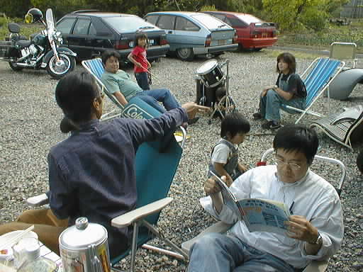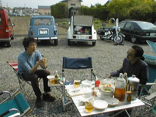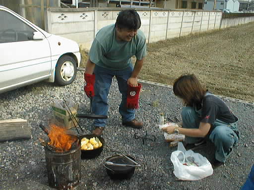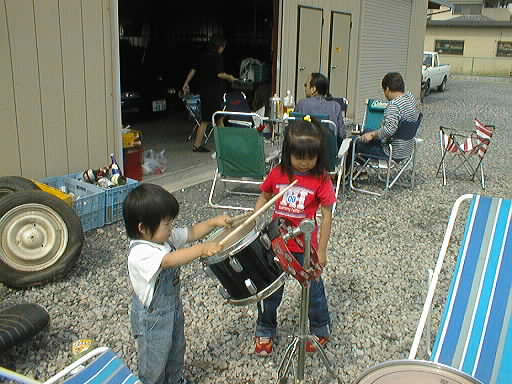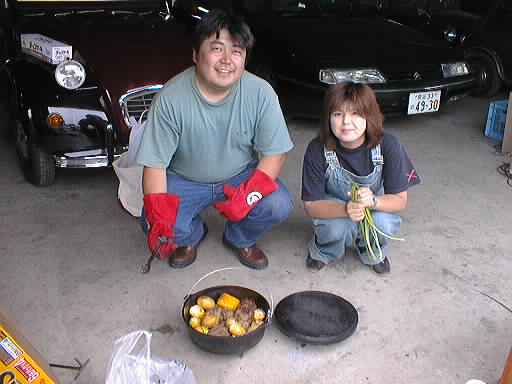 いつものガレージで「ダッジオーブン(調理器具)」を使った料理を作るとの情報に行ってきました。 まずは火熾し 鉄鍋(ダッジオーブン)の中に肉とか野菜とか入れて置き火と重たいフタの上にも炭を乗せて加熱します。 その間に子供達はドラムで遊んでます 425ccの2CVを整備する人も居ます 昼食が出来る前に一杯 完成しました(湯気まで写っていないですがホッカホカです) 次へ
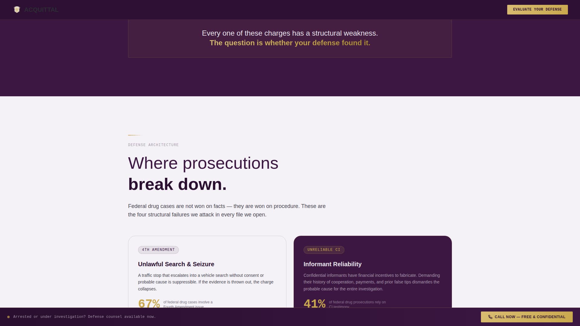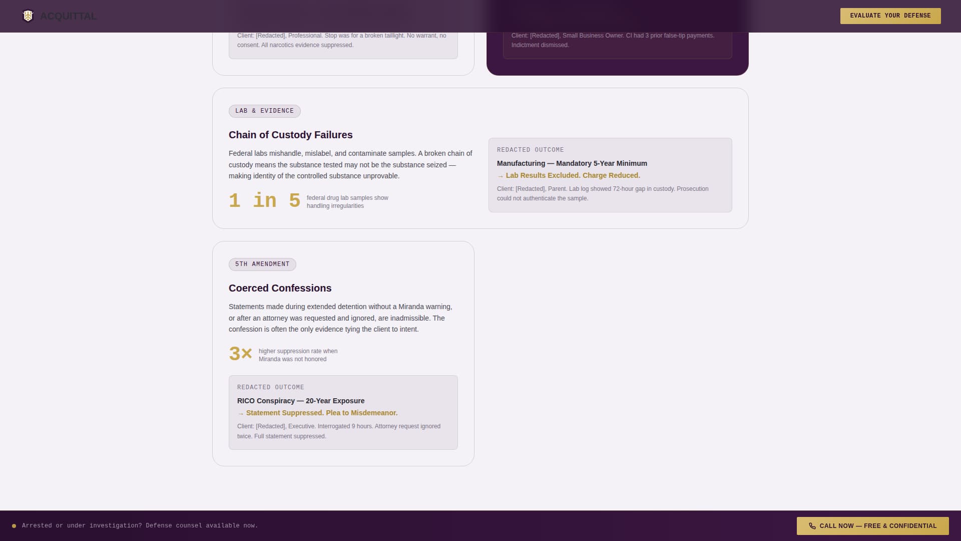 Acquittal is a high-stakes landing page template for drug crime defense lawyers. It moves visitors from fear to confidence through a structured scroll arc, credential-first header, charge-and-stakes section, prosecution vulnerability breakdown, and a five-step guided assessment quiz. Every design choice signals serious, senior-level legal representation.
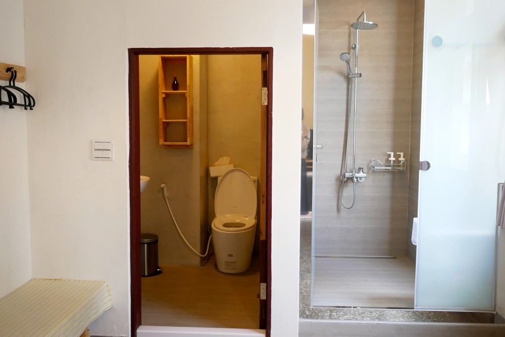 浴室也是乾濕分離,乾乾淨淨的。每一間房間的採光都很好,如果有家人、姐妹、情侶想要來新竹玩,城邊的住宿空間可以滿足不同族群的需求。
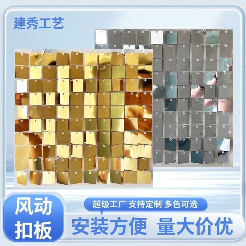 結婚式のミラー風動バックルプレートスパンコール誕生日アレンジメントパーティーステージ背景壁装飾プラスチック風動プレート
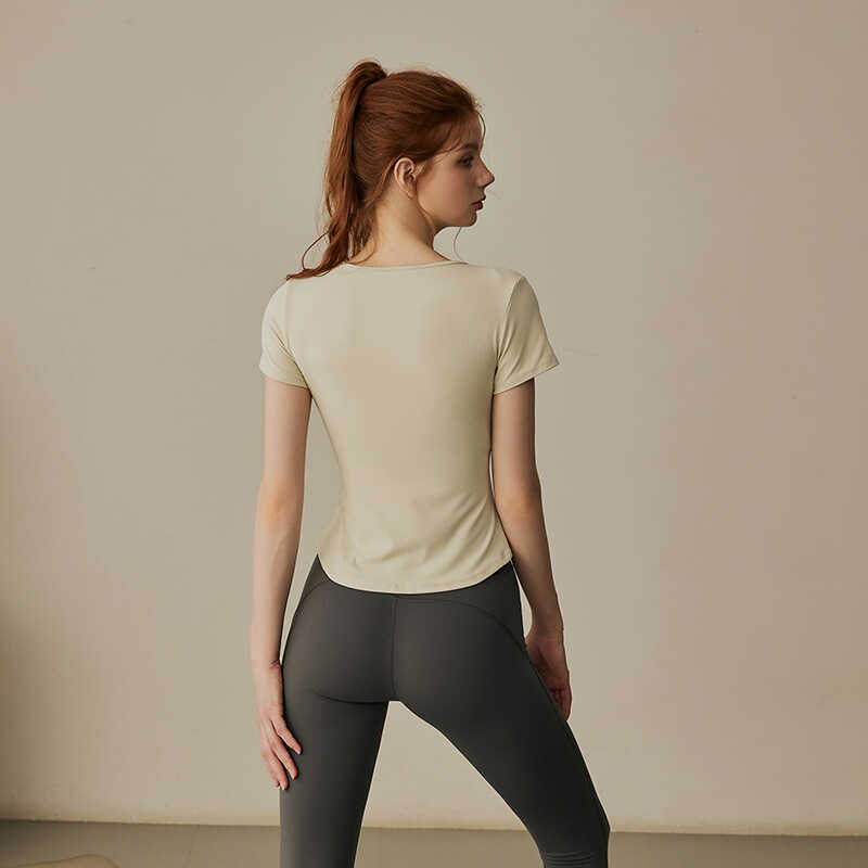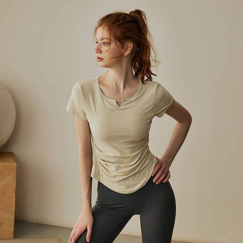 带胸垫短袖T恤女2025夏季新款罗纹运动上衣健身服薄款跑步瑜伽服
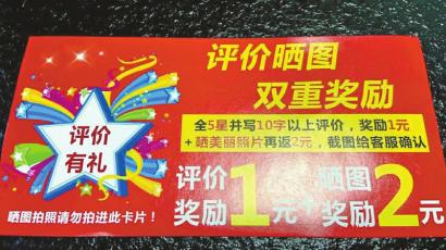“经常网购商品,到货以后里面都会有一张红色的卡片,写着‘联系客服带图好评返现3元’。”市民刘先生向记者说道。抱着试一试的态度,他按照卡片上的内容给出好评,联系客服之后,对方果然发来3元红包。在刘先生所说的店铺内,记者看到,该款商品已有近2000条评价,全部是好评,而且排在前列的评价全部是带图的。
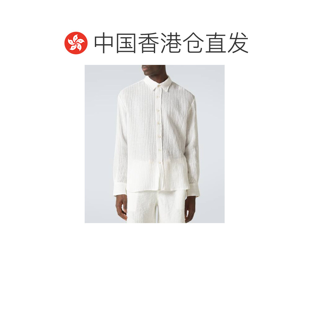 香港直邮Commas 舒适时尚 男士 white白色 亚麻 条纹衬衫 1h可退
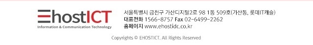 본 웹사이트와 (주)이호스트아이씨티가 관리하는 제반사이트에 관련하여, 사이트내에 게시된 이메일 주소가 전자우편 수집 프로그램이나 그밖의 기술적 장치를 이용하여 무단으로 수집되는 것을 거부하며, 이를 위반시 정보통신망법에 의해 형사처벌됨을 유념하시기 바랍니다.

•••••

— Task prompt —
From the records above, extract the lines from the one holding "結婚式のミラー風動バックルプ" through the one holding "香港直邮Commas 舒适时尚 男士 white白色 亚麻 条纹衬衫 1h可退", word for word; omit the pictures.

— Answer box —
 結婚式のミラー風動バックルプレートスパンコール誕生日アレンジメントパーティーステージ背景壁装飾プラスチック風動プレート
 带胸垫短袖T恤女2025夏季新款罗纹运动上衣健身服薄款跑步瑜伽服
“经常网购商品,到货以后里面都会有一张红色的卡片,写着‘联系客服带图好评返现3元’。”市民刘先生向记者说道。抱着试一试的态度,他按照卡片上的内容给出好评,联系客服之后,对方果然发来3元红包。在刘先生所说的店铺内,记者看到,该款商品已有近2000条评价,全部是好评,而且排在前列的评价全部是带图的。
 香港直邮Commas 舒适时尚 男士 white白色 亚麻 条纹衬衫 1h可退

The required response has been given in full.